### About this exercise:
Repeat the span of the entries below that starts at the line with "二学期最初のプールです。突き" and ends at the line with "Remove standing water.", nothing more. Skip the pictures.

### Data to use:
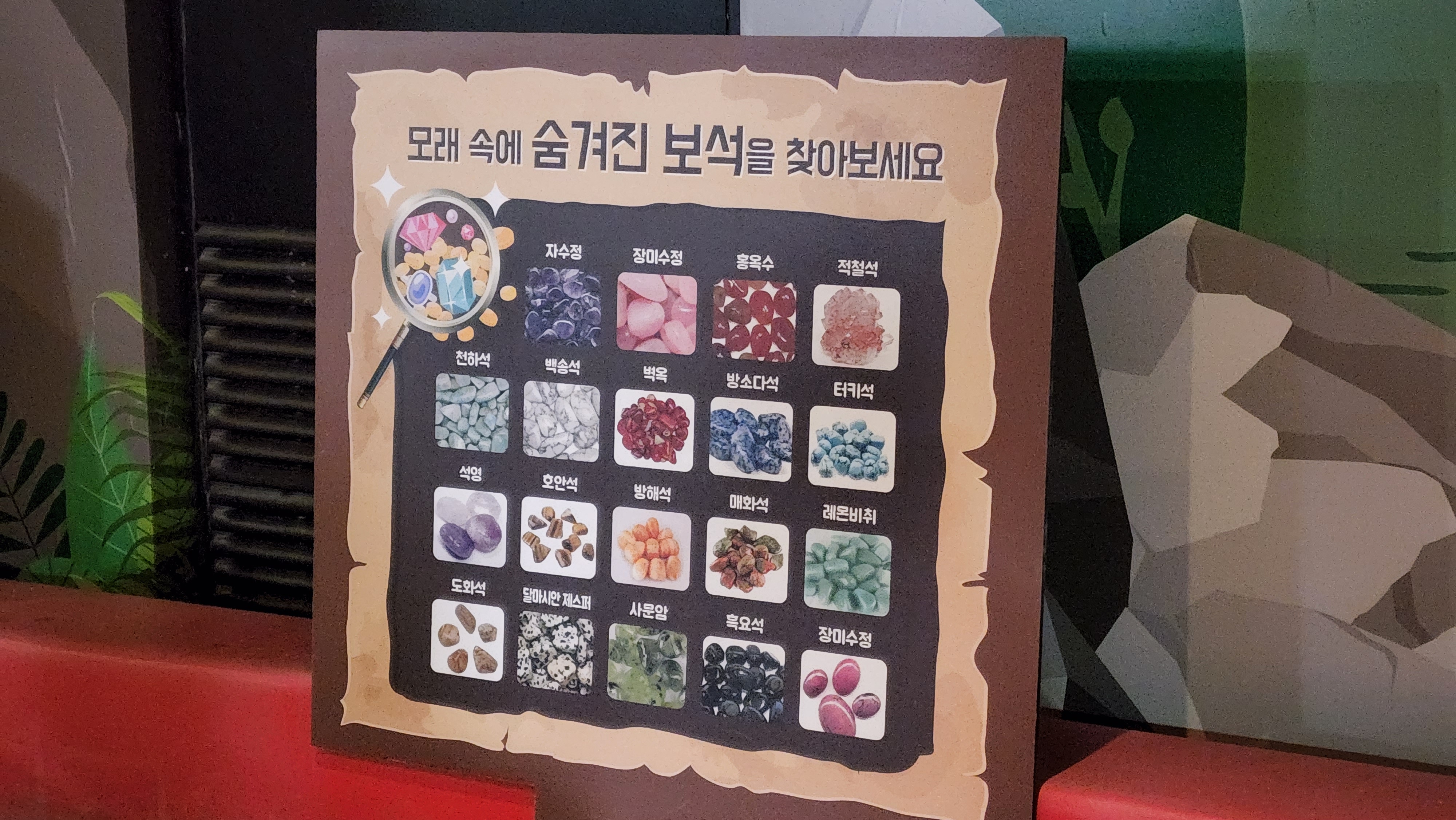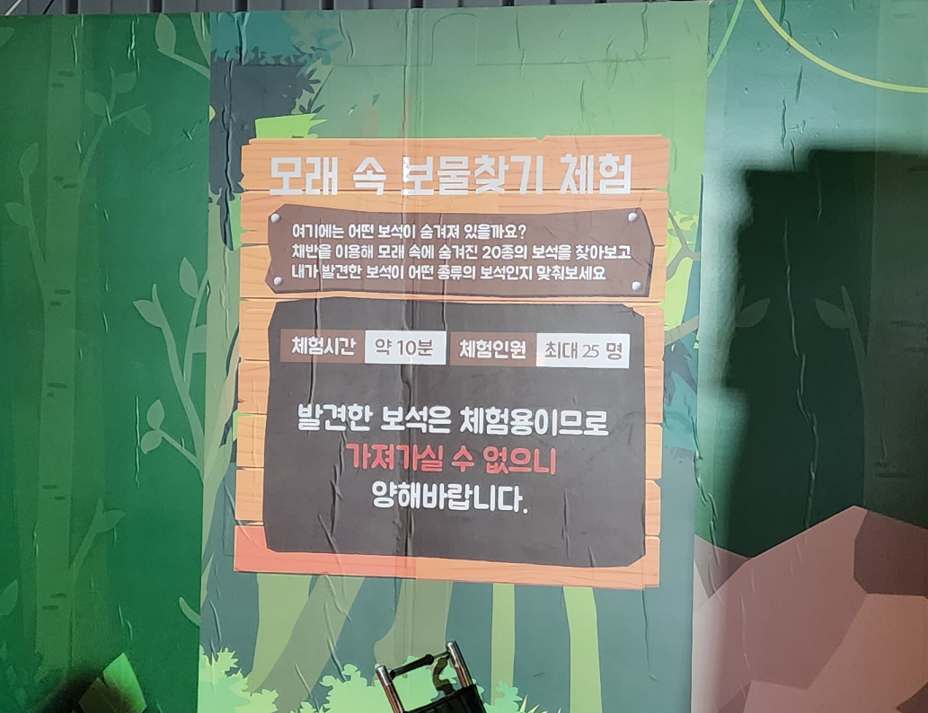 모래속 보물찾기 체험이 있는데 광물을 찾기만 하고 가져갈 수 없는 점이 아쉽더라구요.
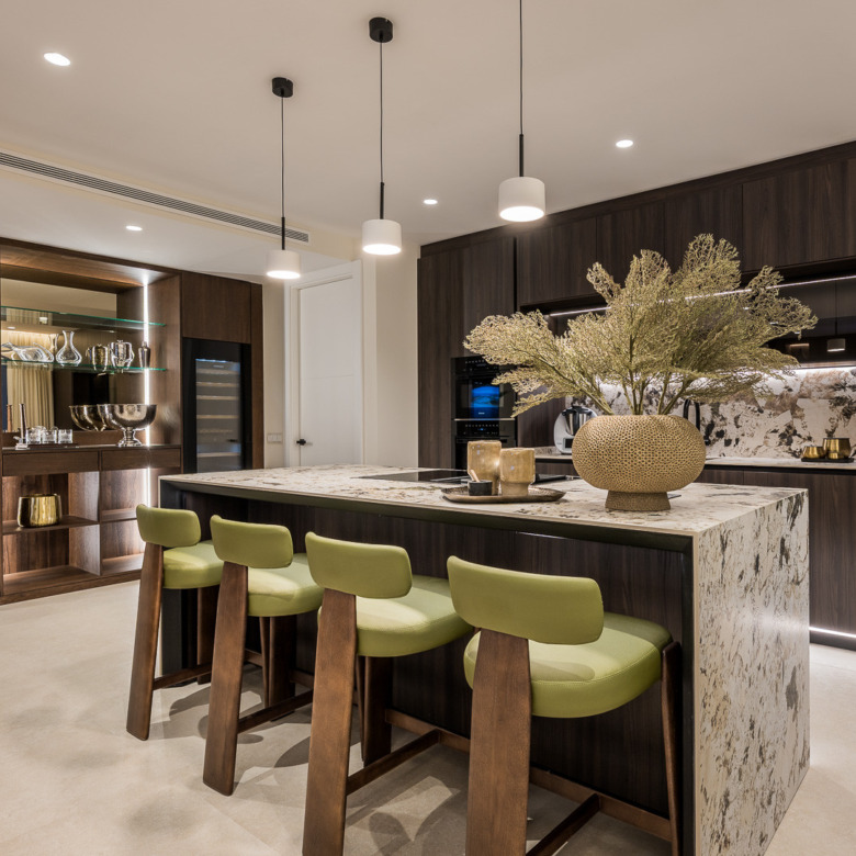 La moderna cocina es el sueño de cualquier chef, totalmente equipada con lavavajillas doble, Thermomix, vinoteca y barra americana, mientras que los elegantes acabados realzan cada detalle. Relájese en los baños estilo spa, uno de los cuales cuenta con una bañera independiente y una moderna chimenea de bioetanol, que aporta calidez y ambiente.
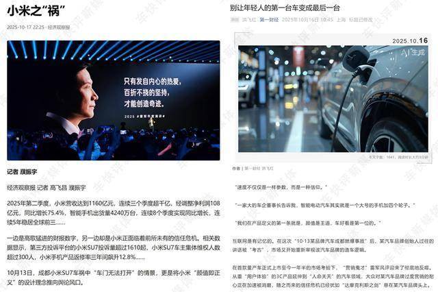這番充滿正能量的表態(tài),與小米汽車當(dāng)前面臨的安全質(zhì)疑形成了鮮明對比。10月16日,第一財經(jīng)發(fā)表題為《別讓年輕人的第一臺車變成最后一臺》的評論文章,直指小米汽車在安全性能方面存在的問題。該文發(fā)布后迅速引發(fā)網(wǎng)絡(luò)熱議,截至10月19日晚,文章訪問量已突破10萬次,轉(zhuǎn)發(fā)量超過1萬次。
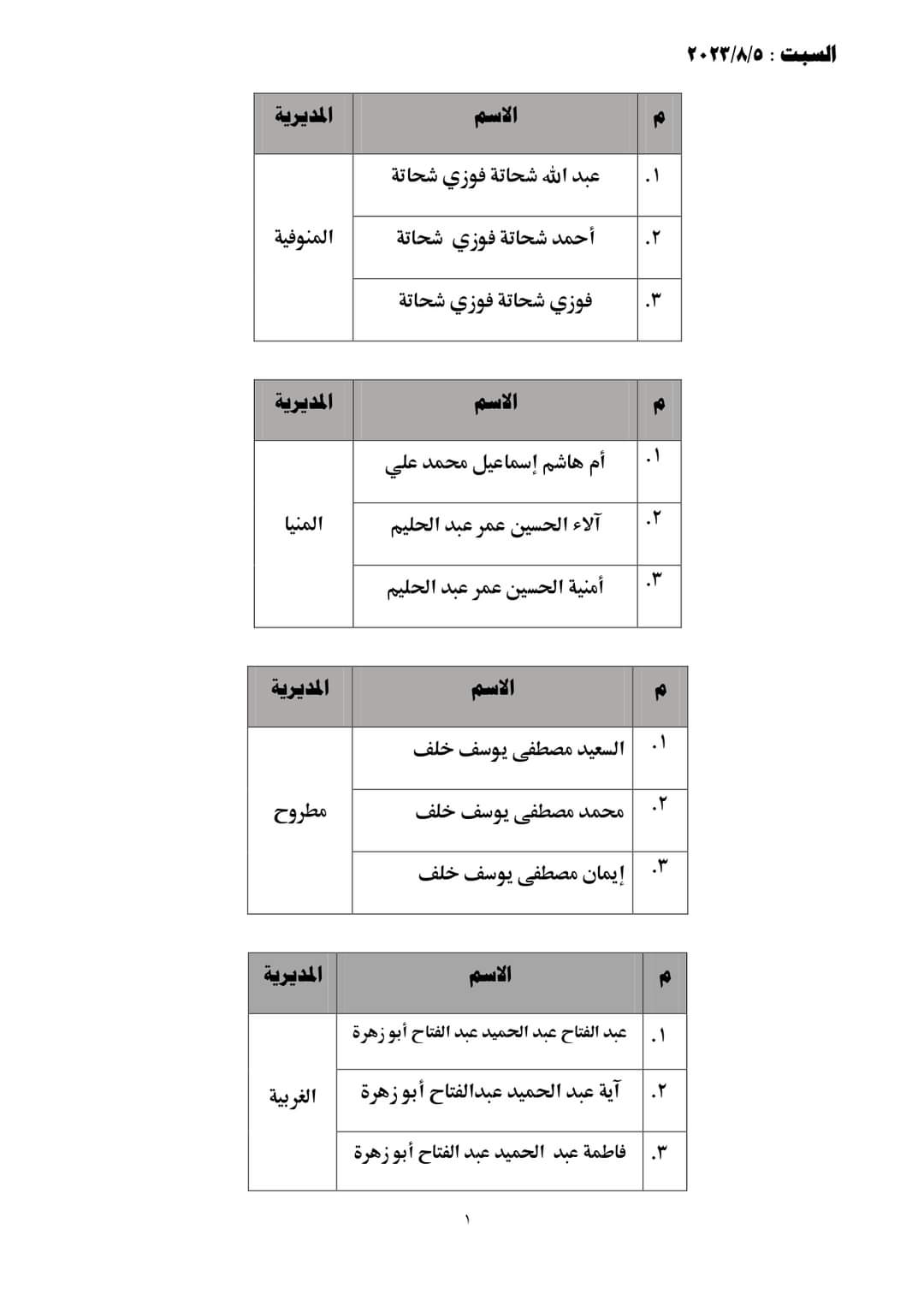 نشرت وزارة الأوقاف أسماء الأسر التي لها حق دخول الاختبار الشفوي المركزي المؤهل للمسابقة العالمية الثلاثين للقرآن الكريم، وذلك بمسجد الرحمة بجوار مقر ديوان عام الوزارة بباب اللوق، الساعة العاشرة صباحًا، مع ضرورة إحضار صورة الرقم القومي، وصورتين شخصيتين حديثتين، وذلك على النحو التالي:
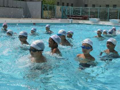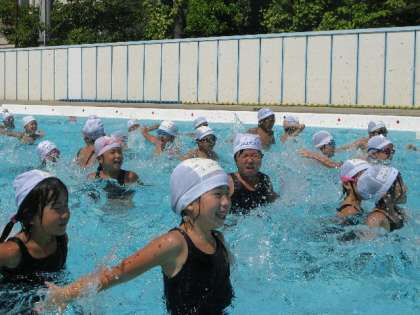 二学期最初のプールです。突き抜けるような青空の下、水を変えたばかりで少し冷たいプールでした。夏休みの練習の成果もあって、みんな元気に水を楽しんでいました。
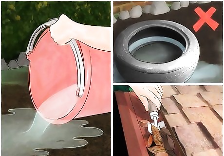 Remove standing water. Mosquitoes breed and lay eggs in standing water, which can increase the mosquito population in your area and increase your chance of contracting Zika. Make sure that you remove any items that might collect water, such as buckets, old tires, or flower pots. Fill in small puddles with sand or dirt to eliminate this potential breeding ground as well.
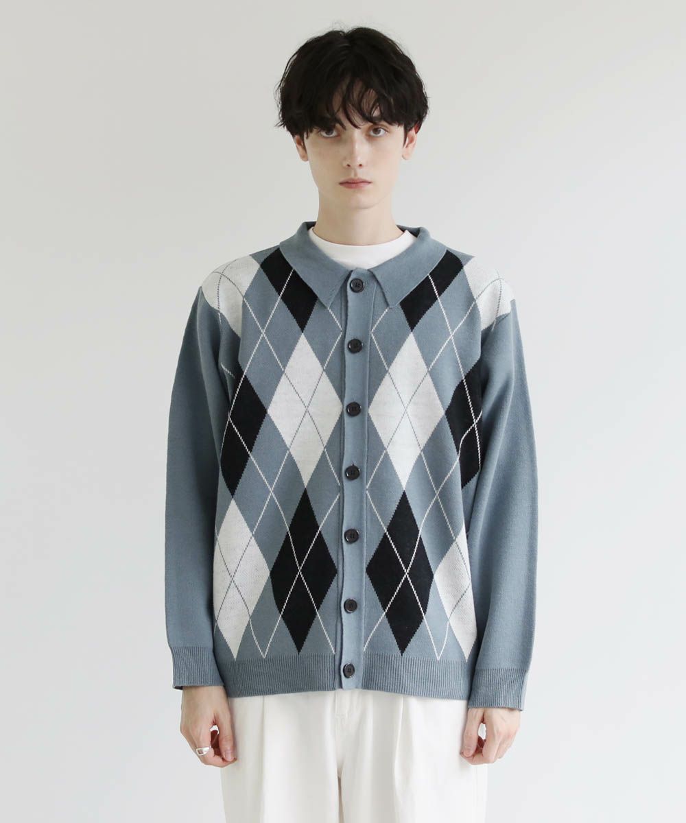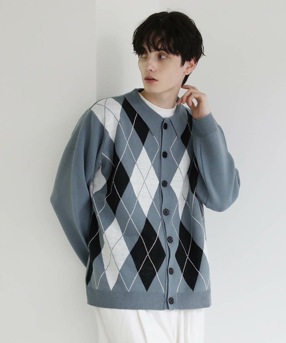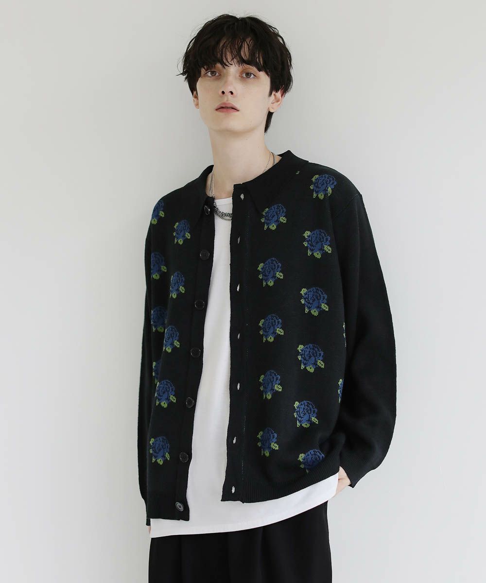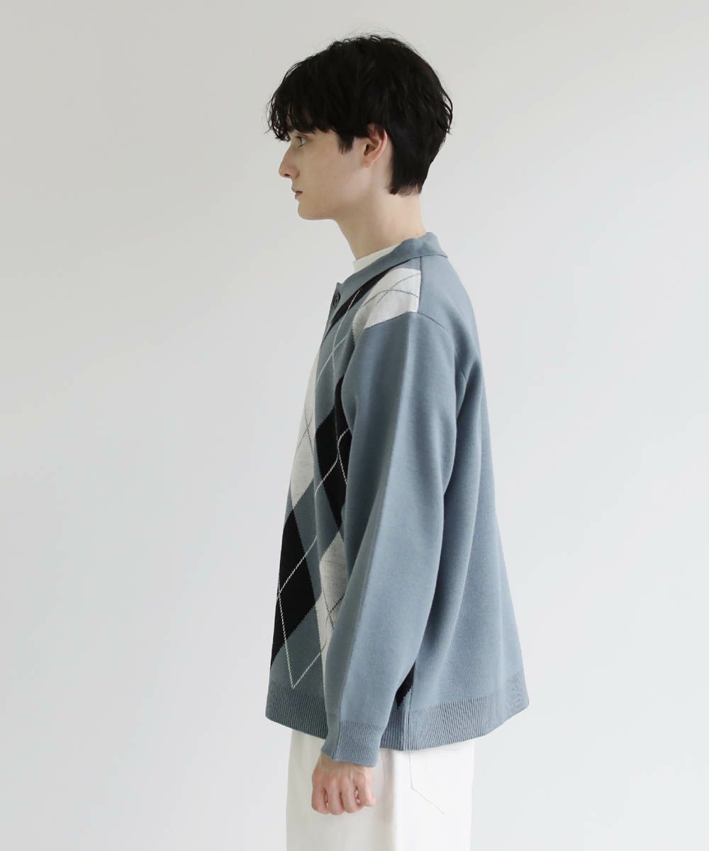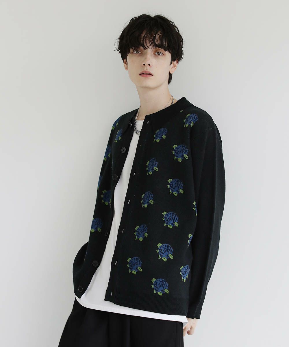 セミルーズシルエット ジャガード ニットポロカーディガン 花柄 アーガイル ストライプ
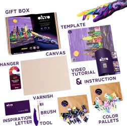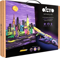 Questo set artistico OKTO ti guida passo dopo passo nella tecnica della pittura con pasta modellabile. Creerai un quadro plastico d’effetto con l’iconico motivo dello skyline della città di NEW YORK, che abbellirà il tuo interno o farà piacere come regalo originale.
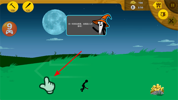 2、在游戏内,按照箭头指引的方向滑动屏幕,可操控火柴人单位移动,前往资源点敌方阵地,掌握部队移动操作的关键步骤,能让部队精准到位。
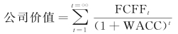 自由现金流贴现模型使用经典的现金流贴现方法对公司进行估值,它通过采用合适贴现率对公司自由现金流进行贴现,贴现结果就是公司的价值。贴现率是公司自由现金流风险的函数,公司获得自由现金流的风险越大,贴现率也越大。这里主要介绍加权资本成本贴现法。
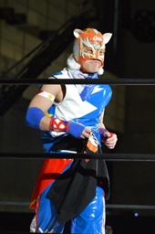 平田ふらつきながら立ち上がる(右写真)、勝俣ロープに飛んで突っ込む、平田首固めで丸め込む、カウント3。
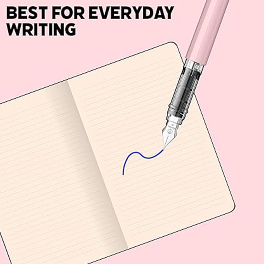 Scrikss Primeo Medium Nib Fountain Pen | 3 Cartridges Included | Stainless Steel Nib & ABS Body | Pink | in Blister Pack
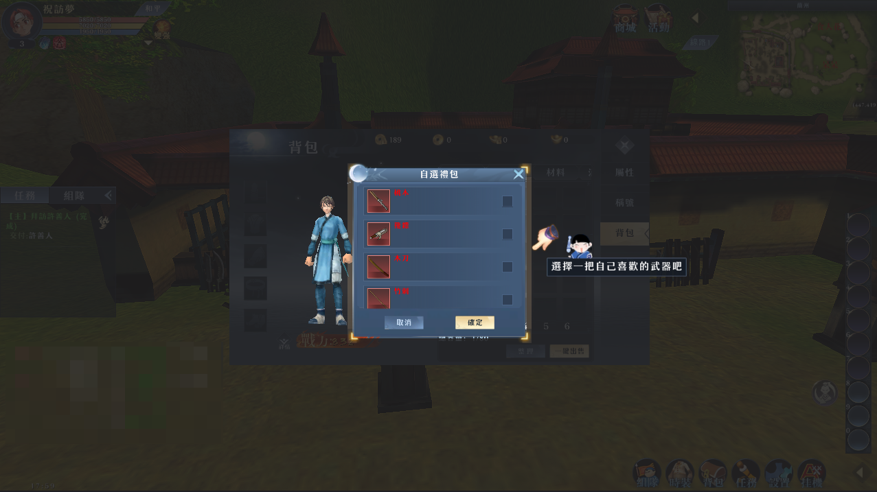 可選武器共六種:刀、拳、劍、槍、弓、暗器。
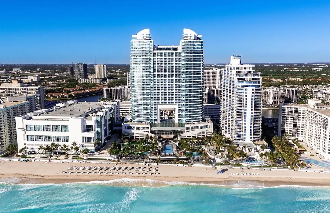 The Diplomat Beach Resort Hollywood, Curio Collection by Hilton is a 4-star beachfront resort in Hollywood, offering a striking glass tower design and exceptional amenities. This property features ocean-view pools, a well-rated spa, and multiple dining options, appealing to families and couples alike.
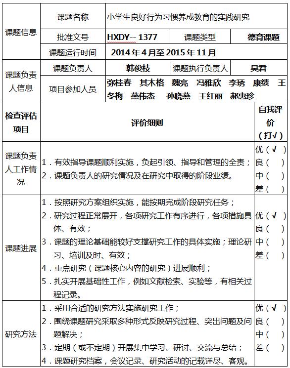 十二五国家级课题“和谐德育深化研究与 推广实验”立项课题中期检查表HXDY~1377

### Answer area:
 二学期最初のプールです。突き抜けるような青空の下、水を変えたばかりで少し冷たいプールでした。夏休みの練習の成果もあって、みんな元気に水を楽しんでいました。
 Remove standing water. Mosquitoes breed and lay eggs in standing water, which can increase the mosquito population in your area and increase your chance of contracting Zika. Make sure that you remove any items that might collect water, such as buckets, old tires, or flower pots. Fill in small puddles with sand or dirt to eliminate this potential breeding ground as well.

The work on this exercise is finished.